FAO, this FAO article is addressing the poverty in Brazil and how its extreme effects are causing the malnutrition of some 44 million persons in Brazil. What is FAO? It is a food and agricultural organization that is part of the United Nation. One of their main interests is to defeat world hunger. They were working together with past president Lula in an attempt to feed the nation of Brazil. To do this they enforced the Zero Hunger Project. In this project they would allow funds (via cash cards) to persons in Brazil that could prove they fell at or below the required poverty status. These people were the ones that are surviving on about 1 US dollar a day. Namely people in the state of Bahia in North Eastern Brazil. The poorest region in all the country. The recipients of the card would then have to prove that the money they spent was on basic food essentials. In Brazil it would be rice and brown beans.
On a personal note, the poverty in Brazil is apparent everywhere you go. The hunger is not. You have to look a little bit deeper. When I visited Bahia we were brought to the most lavish of areas. Salvador, in praticular, was the perfect combination of crystal clear water and poor. THIS photo describes what its like. When I see this picture I think nothing but utter happieness.
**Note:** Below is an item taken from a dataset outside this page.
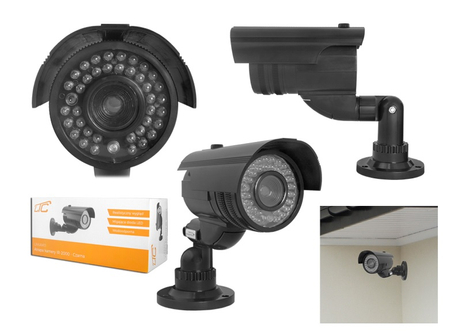 Profesjonalna atrapa kamery, której nie sposób odróżnić od prawdziwej kamery monitoringu. Atrapa wyposażona została w czerwoną diodę LED nagrywania, imitację diod IR oraz bardzo realistyczną atrapę obiektywu. Realizm tego urządzenia powoduje, że ma się wrażenie kontaktu z profesjonalnym sprzętem monitoringu. Wykonanie tego urządzenia cechuje się najwyższą jakością użytych materiałów, dbałością o szczegóły oraz starannością i precyzją wykonania. Zainstalowana na wysokości 2 metrów, powoduje, że nie można odróżnić jej od prawdziwej kamery, a migająca dioda LED nadaje realizmu i autentyczności funkcjonowania. Rozmiar i estetyczne wykonanie sprawiają, iż kamera nadaje się doskonale jako atrapa kamery zewnętrznej, do zastosowania zarówno w przemyśle, jak i dla prywatnych użytkowników w domu. Regulowany uchwyt umożliwia dogodne ustawienie kąta kamery, aby nadać jej jeszcze większego realizmu. Atrapa kamery do złudzenia przypomina prawdziwe, profesjonalne urządzenie do monitoringu. Przy standardowym montażu, niesamowicie trudno odróżnić ją od prawdziwej kamery a migająca dioda oraz możliwość precyzyjnego ustawienia kąta, gwarantują skuteczne odstraszenie i zniechęcenie każdego intruza.

Its hard to get a Brazilian down. However, look at the tires that are on the stairs. This is not a wealthy neighborhood. It makes me wonder if these boys have school or anything else. Anyway, from my experience in Bahia I learned that this is the place to be wary of everything. People steal constantly just to keep their heads above the water. We went to a very prestigeous beach and some children stole not only my backpack, but my friend's candy bar and french fries. They are in need of not only money, but FOOD!This is the first time I learned of there being a program to help the poverty class in Brazil. I do have hard time believing that this'll work. A lot of children are trained to steal so that they have food for their families at night. When we were finished looking through an open market in Salvador, the entire group of exchange students was bombarded by gypsies. Actual gypsies, can you believe that? After we had gotten through the 30 ladies dressed all in white we discovered wrist watches missing and wallets with no money. It was incredible. This leads me to believe that handing out money is not the answer. When the goverment gives out money instead of food, well, I think it'll be in the pocket of someone other then its benefactor by night fall.